The FDA does not advise anyone to stop using their CPAP device unless there is an issue. The agency asks that you report any concerns, such as unusual smells, sounds or changes in appearance, to the FDA and Philips. Meanwhile, officials are working with Philips to better understand the issue and will update the public when new information is available.

[MisterMac]

I have a Dreamstation 2 that I received from Philips through the pain in the a** procedures to replace my recalled System One. Am I concerned about this issue with the Dreamstation 2? Absolutely. Am I panicking? Absolutely not. I am glad that the FDA is being proactive about the issue early on, as I feel they weren't with the issue with the foam degradation on the previous Philips device recall. I am NOT a Philips fanboy, but It is early and we do not know if the issue is a defect with the devices or users not using the devices properly. I will be closely following this issue.

[Gideon]

IMHO with that many reports of similar issues it is extremely unlikely that it is insignificant. Design should be easily able to handle pretty much anything approaching normal use. That should include humidifier running with a dry tank.

While this info is not specific, in time I expect a DS2 recall.
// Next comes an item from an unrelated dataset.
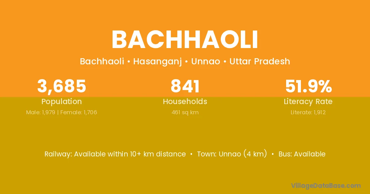 Unnao (4 km) is the nearest town to Bachhaoli village for major economic activities and is located approximately 4 km away.

I suspect the DS2 was rushed to production based on its official release date of the day after the major Philips recall as their solution to the foam failed machines.

[MisterMac]

You make good points and I am not saying the issues are insignificant. But I am not getting overly alarmed until there is more information from the FDA.

[brianc18t]

"The U.S. Food and Drug Administration (FDA) is warning patients and health care providers to carefully monitor Philips DreamStation 2 continuous positive airway pressure (CPAP) machines for signs of overheating."

Kind of hard to do while one is sleeping!!!